As the Michaelskirche happened to be a (rather liberal definition of a) short walk from Munich's sole synagogue, and as it happened to be the second night of Hanukkah, we took the stroll, detouring only briefly into the German equivalent of REI. To our disappointment, the entrance is barred to non-Jews. This is something that I can begin to understand in a place with a history such as Germany's, but something I found a little distasteful nonetheless. Judaism is supposed to be welcoming. It's supposed to be inclusive. I've never encountered a congregation that didn't welcome Gentiles among it, so long as they respected its traditions and beliefs. 
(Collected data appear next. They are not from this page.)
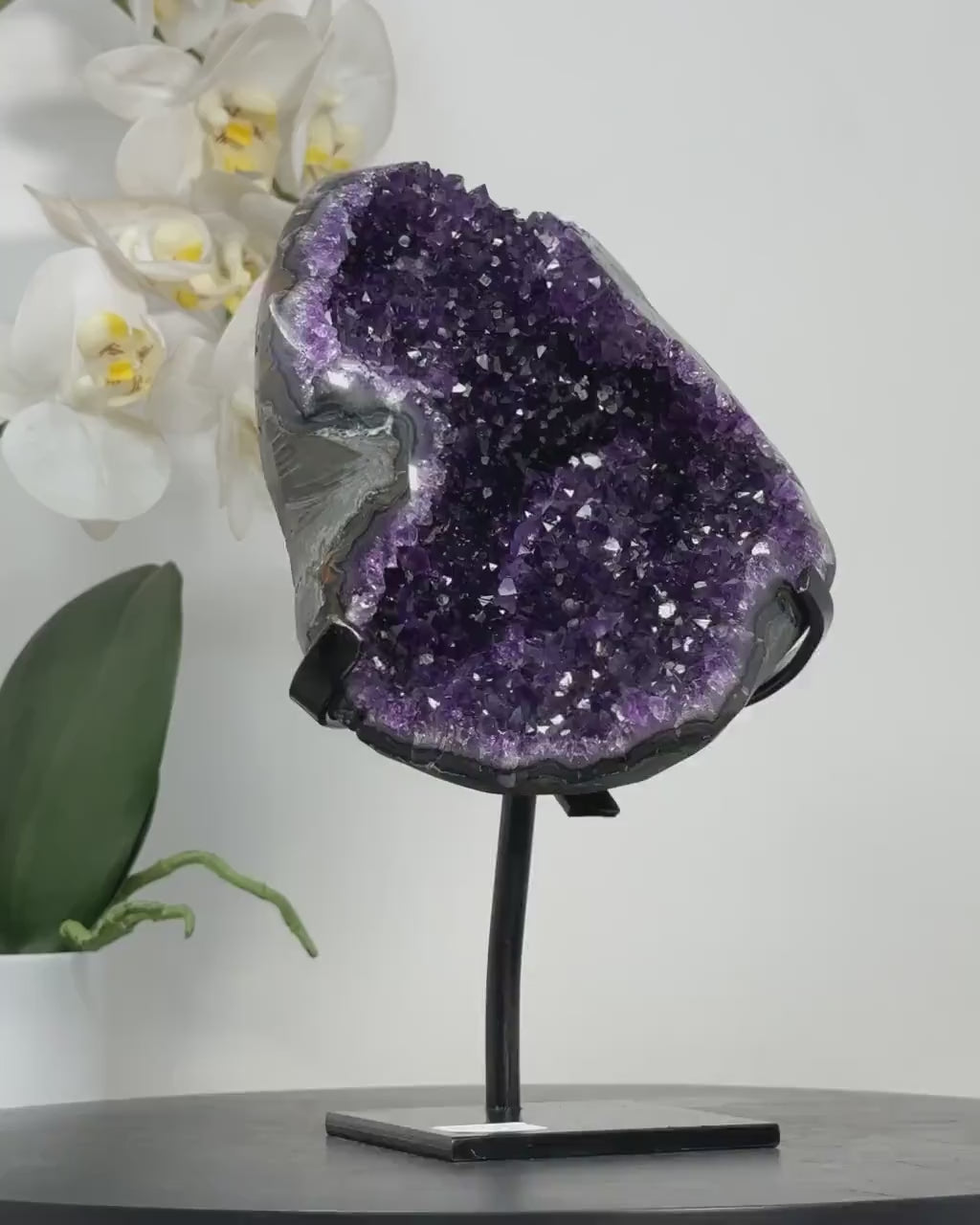 Elevate the ambiance of your home or office with the captivating beauty of our Amethyst Specimens. Nestled elegantly on a modern metal display, this stunning piece blends natural elegance with contemporary style, making it a perfect addition to any decor.
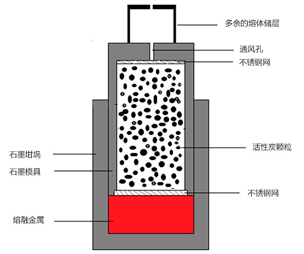 活性炭是性價(jià)比高的碳質(zhì)材料,具有低堆積密度,高比表面積和優(yōu)異的化學(xué)穩(wěn)定性。它廣泛用于水處理,以吸收飲用水中的雜質(zhì)。AZ91鎂合金(9重量%Al,1重量%Zn,0.5重量%Mn,余量Mg)用作金屬?gòu)?fù)合泡沫的基質(zhì)。活性炭復(fù)合泡沫材料的制造,首先將石墨模具填充在四個(gè)單獨(dú)的填料和振動(dòng)步驟中,在每個(gè)步驟中使用等量的活性炭顆粒。這種壓實(shí)方法使整個(gè)樣品高度的密度梯度最小化。在該步驟之后,將不銹鋼網(wǎng)插入模具的開(kāi)口端以將活性炭顆粒保持在適當(dāng)位置。組裝在充滿氬氣的手套箱內(nèi)進(jìn)行,以最小化系統(tǒng)中的氧氣水平。為此,將AZ91合金塊插入石墨坩堝內(nèi),并將填充的石墨模具倒置在坩堝內(nèi)。然后將鋼帽放在模具頂部以在滲透鑄造期間收集過(guò)量的熔體。在下一步中,這些部件位于不銹鋼套管內(nèi)。最后,將組件放入電爐內(nèi)并在660℃的溫度下保持45分鐘,同時(shí)使用保護(hù)性氬氣氛以防止鎂合金在鑄造過(guò)程中氧化燃燒。通過(guò)施加0.02MPa的壓力迫使金屬熔體滲入填充的活性炭顆粒床。在大氣條件下冷卻模具后,手動(dòng)從模具中取出生產(chǎn)的樣品。圖1顯示了使用的設(shè)置的示意圖。
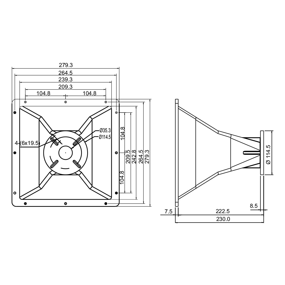 A large format 1.4" (35.6mm) throat constant directivity high frequency horn for sound reinforcement applications from SB Audience. The M6x19.5 mounting slots will match compression drivers with 76mm or 102mm diameter mounting circles.
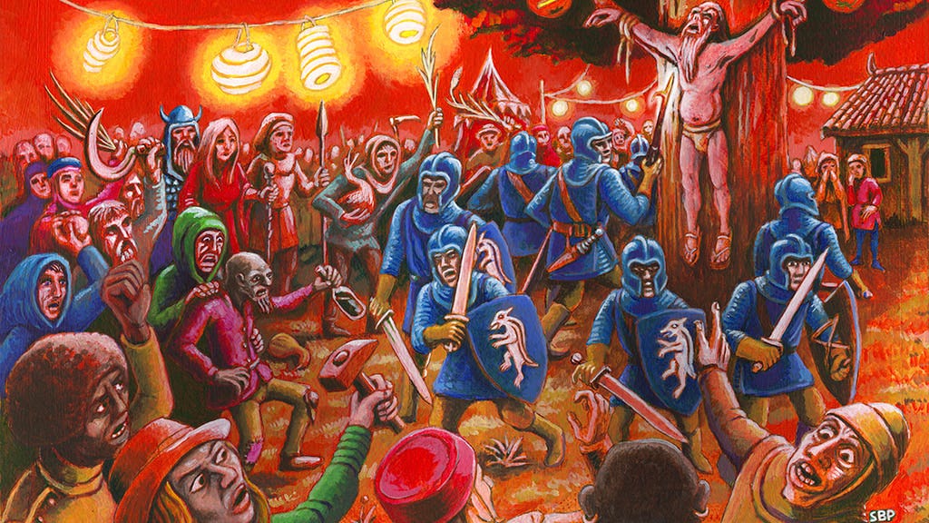 Glad you asked! One of the elements of all TTRPGs, but especially DCC, that often plays on my mind is how to structure a “boss fight.” So I went about it a variety of ways: Foremost, I have five of the Boss Fights converging on the town center, getting stronger as they go in many instances. The PCs decide who to engage first, and where and how, so there’s an element of strategy involved.
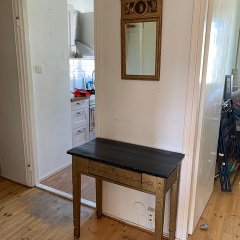 Antiikkinen pöytä. Tuossa kuvassa eri kannella joka ei kuulu alkuperäisesti pöytään mutta saat senkin mukaan ( marokkolainen tarjotin, voi asentaa myös seinälle) + Puu kansi mukaan joka kuuluu pöytään Lev. 80cm + kiinnikkeet . Haku Nokia.
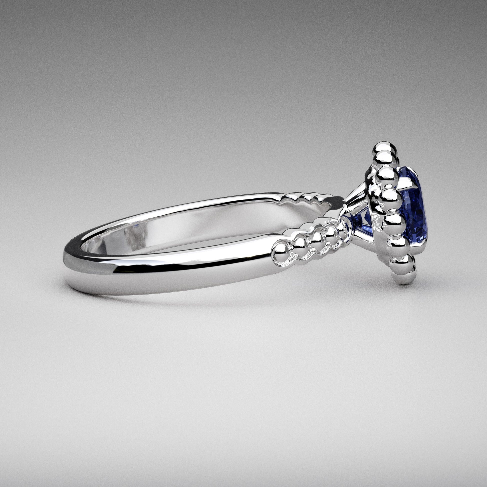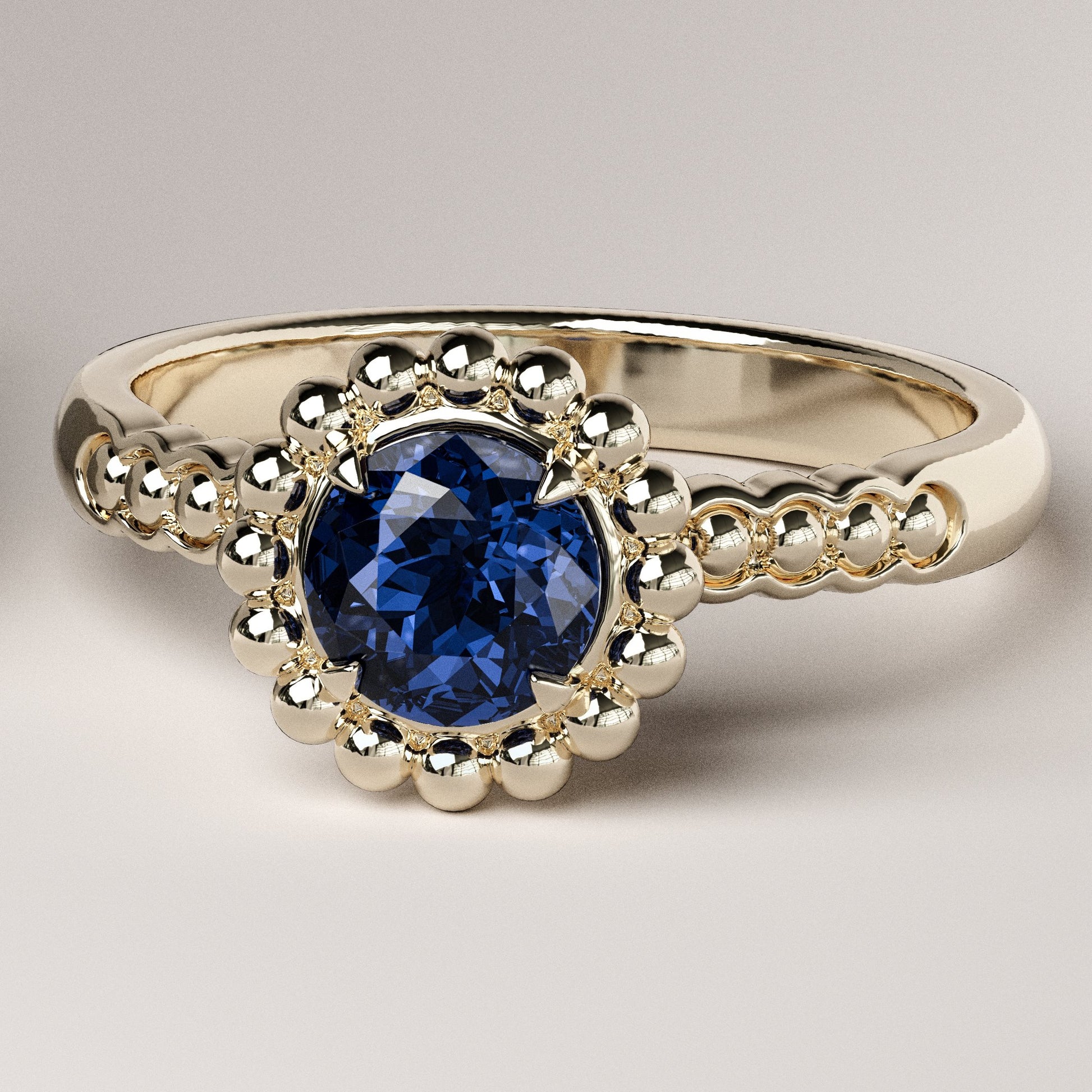 Lab grown, round medium blue sapphire ring. A halo of gold spheres surround the center gem in this artisan made ring. The halo is almost like a little necklace of gold beads and gives the ring a vintage feel. This engagement ring will fit closely next to many available wedding bands(setting will sit above the band).
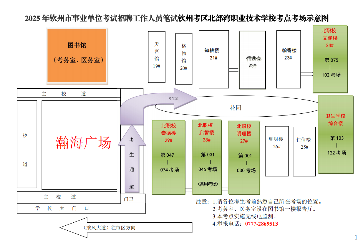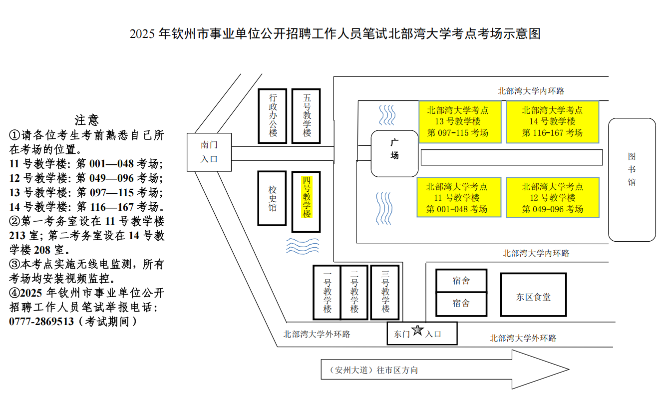 (二)請考生按照本人準考證上的考點學校,提前了解學校所在位置,特別注意不要混淆北部灣大學考點與北部灣職業(yè)技術學??键c。部分考點學校離市區(qū)有一定距離,請關注當天交通情況和天氣情況,充分考慮路途時間和天氣因素影響,提前謀劃出行時間、路線和交通工具,建議提前60分鐘到達考點,以免影響正常入場參加考試。
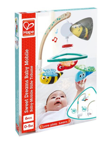 Convierte la hora del cambio de pañales y de irse a dormir en una experiencia divertida con este colgador giratorio musical. Los tres simpáticos bichos que cuelgan de él giran al ser empujados y sus alas están fabricadas con material translucido que brilla en la oscuridad, promoviendo la estimulación visual. Además, contiene una caja musical que emite una canción de cuna.

Though that got to me, I couldn't help but admire the synagogue anyway.

Impressive

The next day, armed with a combined 20 years out of practice, Laura and I headed over to the Karlsplatz to go ice skating. And I only fell once. Bam.

When those 2 1/2 hours (!) of frivolity had ended, we set off to see one more thing in the waning light, BMW Welt. BMW standing for Bavarian Motor Works, and Munich being the capital of Bavaria, where else would it be? It was pretty cool, with exhibitions of new and concept cars, interesting little diagrams, and even interactive demonstrations. Before I begin to sound like a walking advertisement for it, I'll stop. But here! Pictures!

All futuristic and stuff

Really kind of cool

That will bring an end to my first yarn about how I got to Munich and spent the first four days running around doing all sorts of cool things in an effort to justify my presence there.

Give me a day or so to catch my breath after all this heavy typing and I'll spin you another one about how we made a pilgrimage to Leipzig for Christmas weekend to pay our tribute to Bach and hear all sorts of his music. Read fast.

1 comment:

  1. "One of the primary draws for me to come to Germany for Christmas (besides the presence of my beautiful girlfriend) was simply how the Germans do Christmas."

    That's what I loved about Cologne when I went there. I saw that the things I love best about Christmas came straight out of Germany. I didn't see anything remotely tacky while I was there and not much in the way of overt commercialisation either. Fair enough, there's money in those Christmas markets, any fool can see that, but I'm perfectly happy to spend my money on something that I'll treasure for the rest of my life.

    One of the Christmas markets is on a river boat and that one largely deals with antiques and second-hand Christmas decorations. Me, I'm not that fussed about either of those things, but I found a set of wooden decorations that I would have walked over hot coals for. My Mum has an identical set and I've always loved them but thought I'd never find a set like it, as they're so old. And here was the exact same set, just waiting for me! Second-hand of course and one of the angels had a broken wing but it didn't matter. I'd have paid double, triple what I did.

    Memories like that are easily made in Germany at Christmas. :)

    I think the Berlin Christmas markets are probably next on the list. I've heard wonderful things about them, but I think Cologne's always going to be number one in my heart because of that set of decorations. But I don't doubt that Berlin will leave me with things that I'll always want to remember.